There were of course the ongoing efforts by intelligence agencies to identify personnel, plans and locations. Efforts by Treasury to disrupt terror financing.

But the most effective weapon against terrorists was one that most Americans were unfamiliar with in the aftermath of September 11th – aerial drones.

The first use of a Predator drone as a weapon occurred in Afghanistan in 2001. It was a CIA mission, and the operation had been highly classified, as this was a relatively new capability.

This new dimension to warfare grew rapidly with the deployment of more sophisticated drones that could be used for surveillance and attack. As intelligence gathering platforms and tools to root out terrorists, the drone program added a potent new capability to the US arsenal, specifically tailored for the enemy it hunted.

Instead of attacks that put American lives at risk, that required large, high explosives to guarantee effectiveness that would entail collateral damage and civilian deaths, the drone program allowed for highly specific targeting of suspected terrorists, with the flexibility to attack at places where there would be the most limited collateral impact.

Since the drones flew high, were compact and quiet, there was almost no defense against them.

Over the course of a decade, the expanded drone program, coupled with the ability to generate real-time intelligence and the availability of highly trained and experienced Special Forces, became elements of the most potent fighting force in the world.

That became obvious in the bin Laden operation.

US intelligence was able to locate bin Laden within the 870,000 square miles of land mass that comprises Afghanistan/Pakistan combined.

US Special Forces were able to penetrate Pakistani airspace unseen, fly to a compound that was a little more than half an acre in size, located less than a mile from the Pakistani military academy.
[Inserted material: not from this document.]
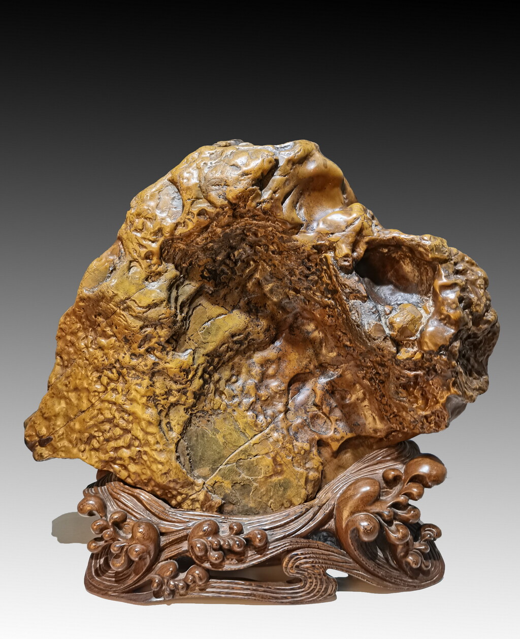 此尊美石通身玻璃皮,包漿古樸厚重,手感舒潤。形似一條金魚,魚鱗狀的石膚,腹部的石膚黃中透綠,精美如瓷,動感十足,惟妙惟肖。寓意吉祥,財源滾滾,人丁興旺。

Within forty minutes, and despite losing a helicopter, the team engaged fighters, found and killed bin Laden, and withdrew without causing any damage beyond the the bin Laden compound.

It was the most precise, targeted operation since US intelligence had broken the Japanese naval code and determined the flight plan of Admiral Yamamoto – allowing US fighters to shoot down his plane in 1943.
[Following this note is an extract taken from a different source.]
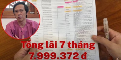 Dựa trên tờ sao kê phía Hoài Linh đưa ra, tổng tiền nhận được là hơn 13,2 tỷ đồng. Phần nội dung "bút toán trả lãi" gửi về tài khoản mỗi tháng hơn 1 triệu đồng. Sau khi đối chiếu 7 tháng, nam danh hài đã tổng kết lại số lãi 7,99 triệu đồng.

 But the similarity ends there as in the case of bin Laden, it was an operation that was orders of magnitude more complex, logistically and politically.

There is something both satisfying and appropriate that bin Laden’s death did not come at the end of missile launch from miles away; instantaneous and antiseptic. Bin Laden believed that America was weak and easily beaten. He had little regard for the US penchant to fire missiles from far away to attack enemies, unwilling to risk lives in pursuit of national goals.

So what must have been going through bin Laden’s mind in his final moments as he realized that his nemesis had found him, and had come to get him in person, in the form of US Navy SEALs.

As Pearl Harbor led to Tokyo Bay, so September 11th led to May 2nd, nearly a decade later.

In both cases, the US military improvised, learned and adapted; becoming a far more lethal adversary as a result. In the process, it upheld long-standing traditions and high ideals. Indeed, is the courage, resourcefulness and sheer determination of our military and intelligence forces today that give pause to any would be terrorist or enemy.

You can run, but you cannot hide.

Our profound debt of gratitude for such selfless and able service to our nation should be constantly recognized and honored.